Qalis and Alex Code sent along the “Address Delivered at Dedication of Grand Ronde Military Block House at Dayton City Park, Oregon, Aug. 23, 1912” by M. C. George, published in The Quarterly of the Oregon Historical Society, Vol. 15, No. 1 (Mar., 1914), pp. 64-70.

Today’s first installment has what I think is the earliest documentation of the Chinuk Wawa way of saying ‘a room’, on page 67.

gr address 1

When I was in Washington City Sheridan had become the Lieut. General at the head of the Army, but his memory was still alert to the scenes of his Oregon experiences. He was especially fond of burnishing up his old Chinook, and took delight in carrying on our frequent conversations in the old Indian dialect. When he saw me passing in the corridor before his open office door he would hail me something like this: “Klahowya tilakum, mika hyak chaho kopa nika house. Spose nesika skookum klosh wa-wa. Nika hyiu cumtux, ancutty mika Grand Ronde illihee.” Around us might have been sitting senators or judges or generals, but no matter. Sheridan would talk in classic Chinook, and I in rusty jargon — all to the consternation of those assembled, who cudgeled their brains over the strange language to which they were forced but interested listeners, wondering whether it were learned Greek or possibly ancient Sanskrit.

Please take note, Mr. George doesn’t go to the trouble of translating that quoted Chinuk Wawa into English for his Grand Ronde-neighborhood audience.

No need to!

For everyone else’s benefit, I’ll do the honors. The Jargon here is just as fluent as George describes it being.

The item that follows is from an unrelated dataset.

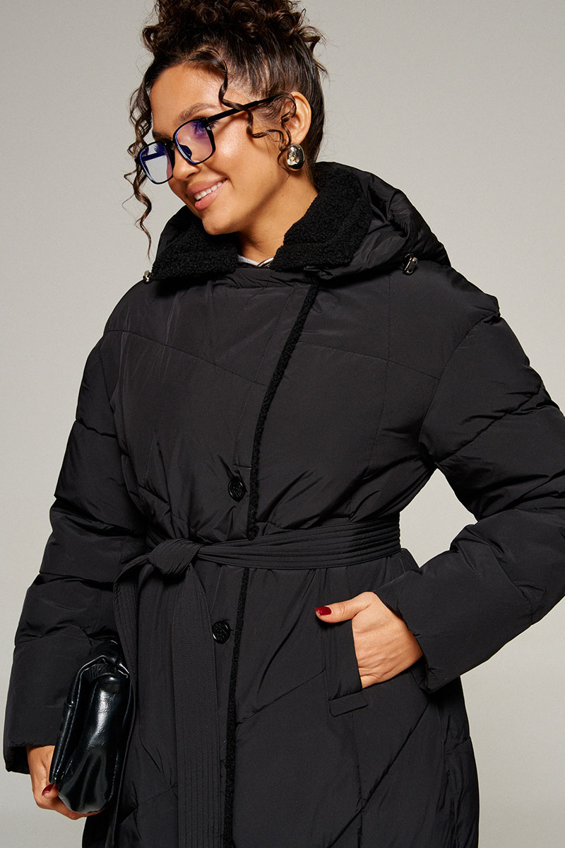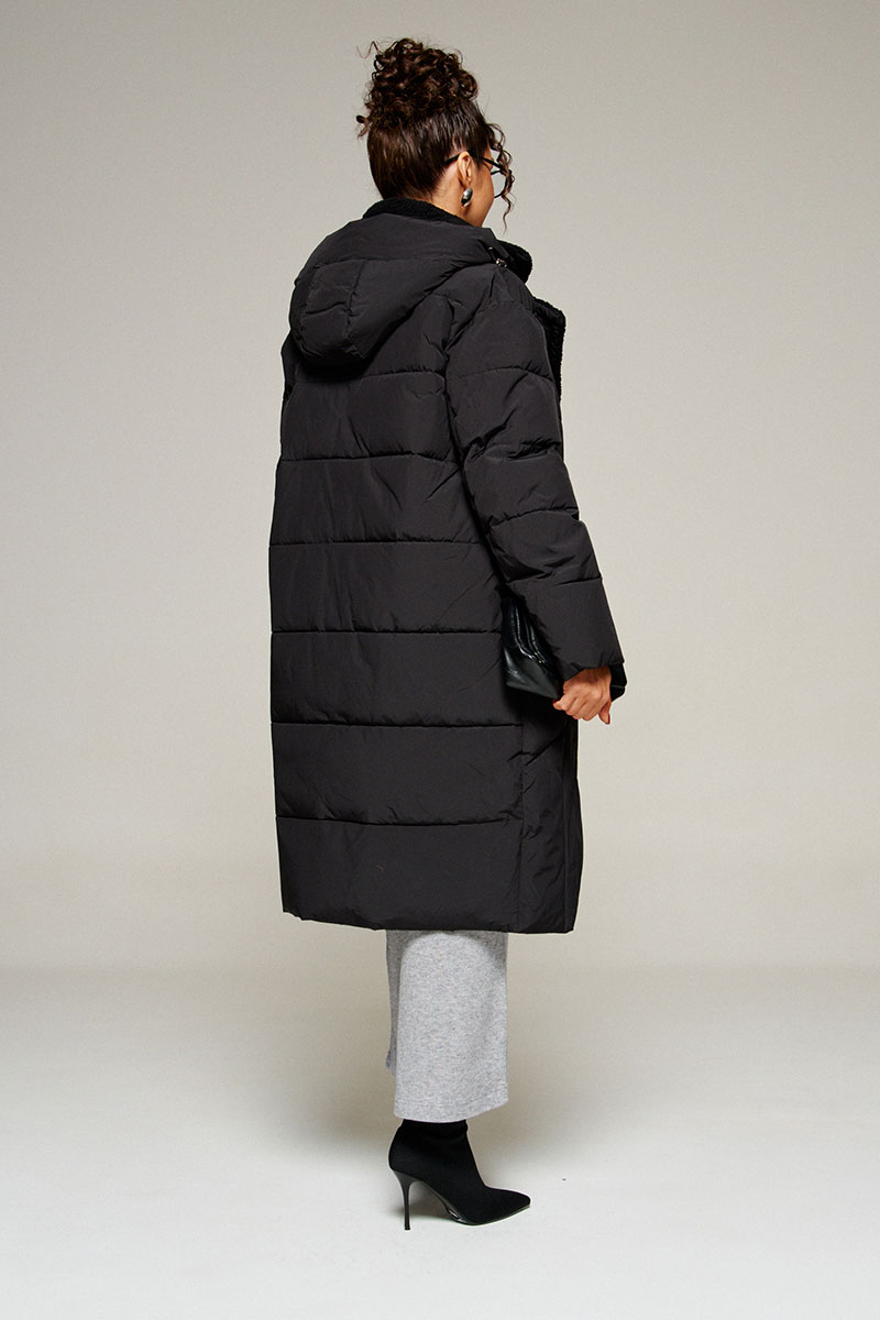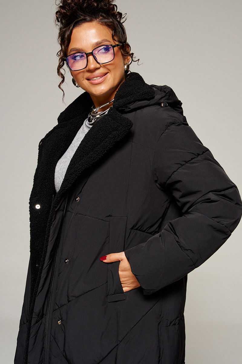 Воротник пиджачного типа с возможностью застегивания до верха. Внутренняя часть воротника, борта и лацканы обработаны искусственным мехом «овчина».
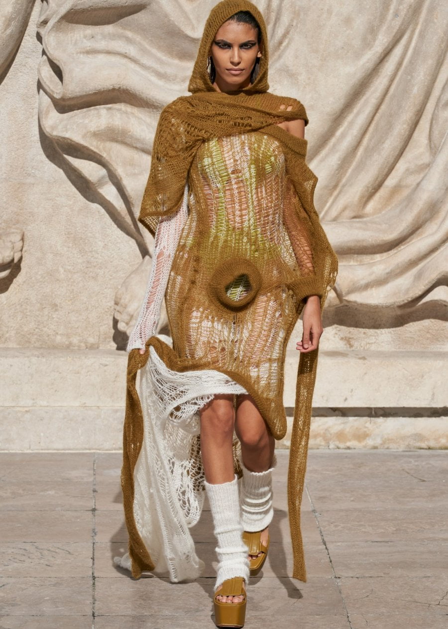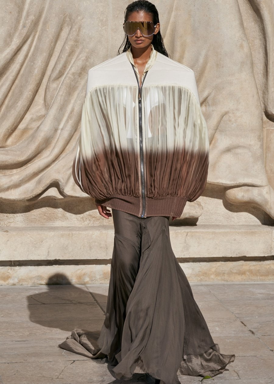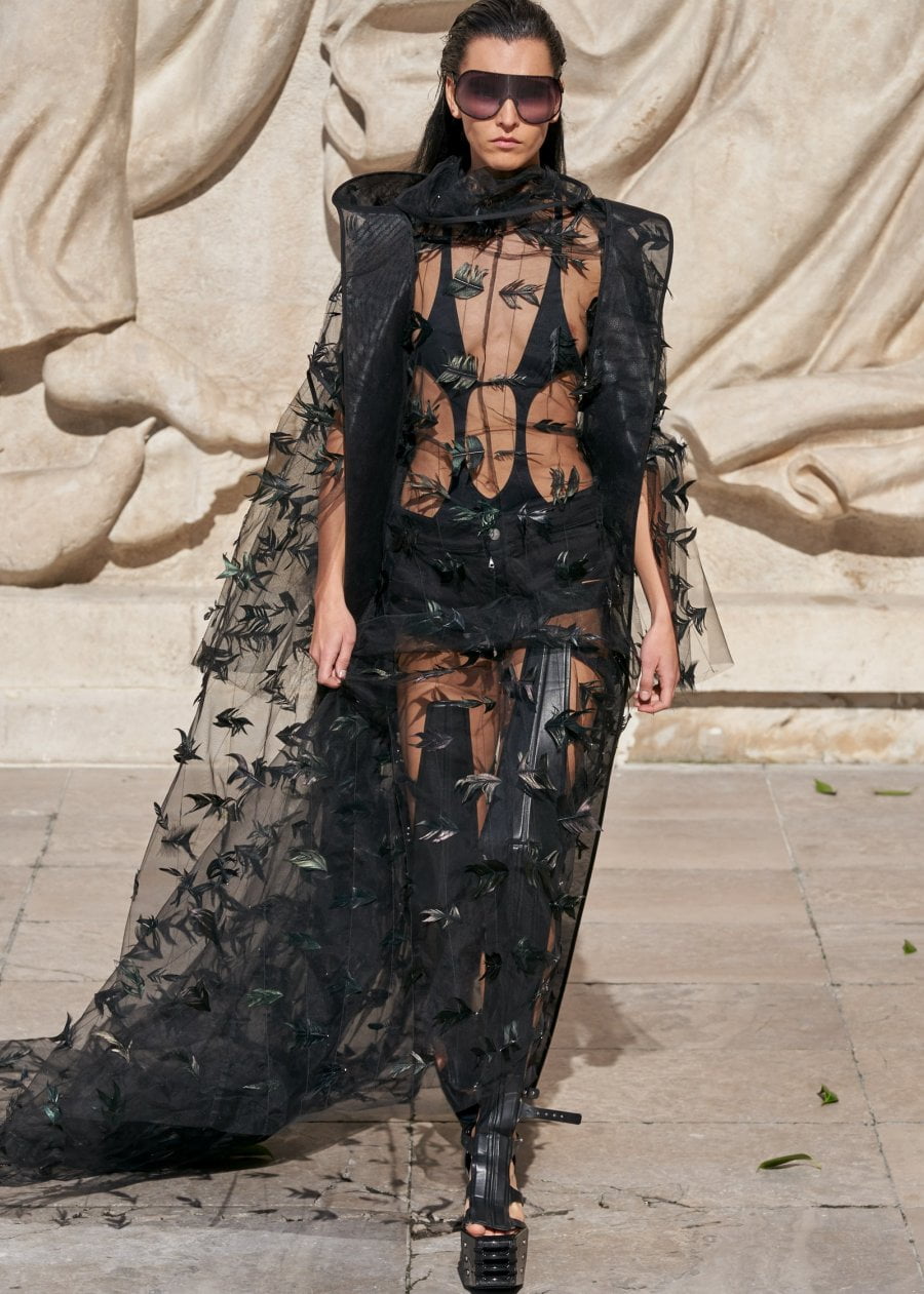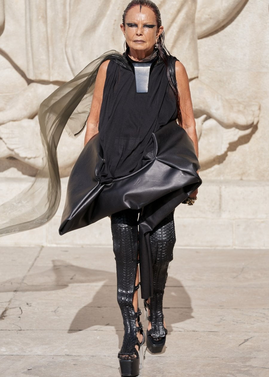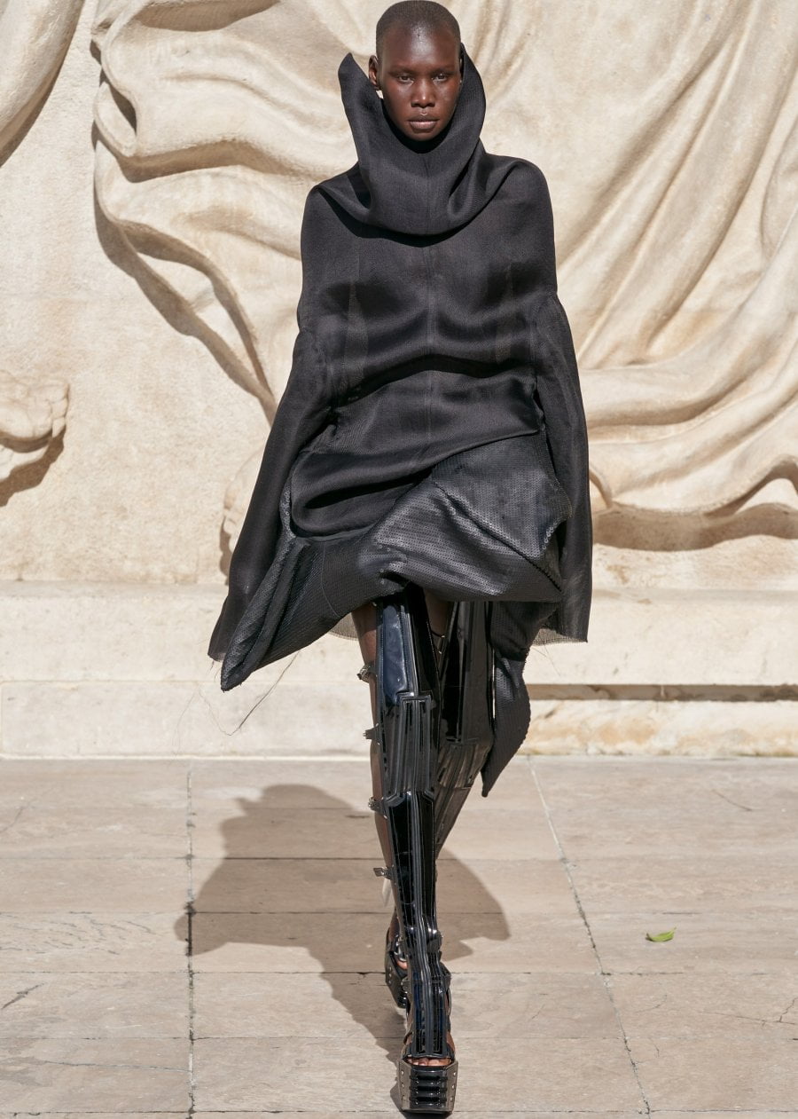 Owen’s went straight to the source. The first model out was his wife, Michéle Lamy – his constant inspiration. She lent a high priestess aura to proceedings, enhanced by great puffs of fog and two women in black robes, scattering petals from on high. Architecture (Le Corbousier was an inspiration) and flou worked in harmony. Huge shoulders and chiffon, curtain-like bomber jackets were worn over gathered goddess gowns. These were draped to perfection with luscious fishtail hems, which undulated with every step. Cut away bodysuits, sheer feather encrusted capes, spiderweb mohair knits with multiple arm holes and thigh-high waders made up the rest of the aesthetic. It was pure Rick. Pure magic.

  • “Klahowya tilakum, mika hyak chaho kopa nika house. Spose nesika skookum klosh wa-wa.
    Nika hyiu cumtux, ancutty mika Grand Ronde illihee.”
  • (modern GR style)
    ɬax̣á(w)ya(m), tílixam, mayka (h)áyáq cháku kʰupa nayka háws, (s)pus nsayka skúkum ɬúsh-wáwa. nayka háyú kə́mtəks, ánqati mayka Ø Grand Ronde ílihi.
  • (literal)
    hello, friend, you quickly come to my room, so.that we extremely well-talk.
    I much know, previously you be.at Grand Ronde place.
  • (translated)
    ‘Hello, friend, come right into my office, so we can have a splendid chat. 
    I know very well that you used to be at Grand Ronde reservation.’ 

In the 2012 Grand Ronde dictionary, we learn that ‘room’ is tənəs-háws, literally a ‘little building’.

I have no doubt that in Sheridan’s time at Grand Ronde, folks may have simply called a room the same thing as a building, a háws.

Why do I say so? Because, just about every building in the area, from Native big houses to Settlers’ earliest cabins to military barracks to jails, were one-room structures.

I can well envision that it was only later that Chinuk Wawa speakers felt much need to differentiate ‘house’ from ‘room’, as it became more common to partition the interiors of edifices.

What do you think?

There are a couple of Settler-isms in Sheridan’s Chinook Jargon, showing us even more evidence (we already had plenty) that English speakers had already tended to constitute an identifiable subgroup of Jargon speakers by the 1850s. (Unless of course these are artifacts of George’s secondhand telling of his words!)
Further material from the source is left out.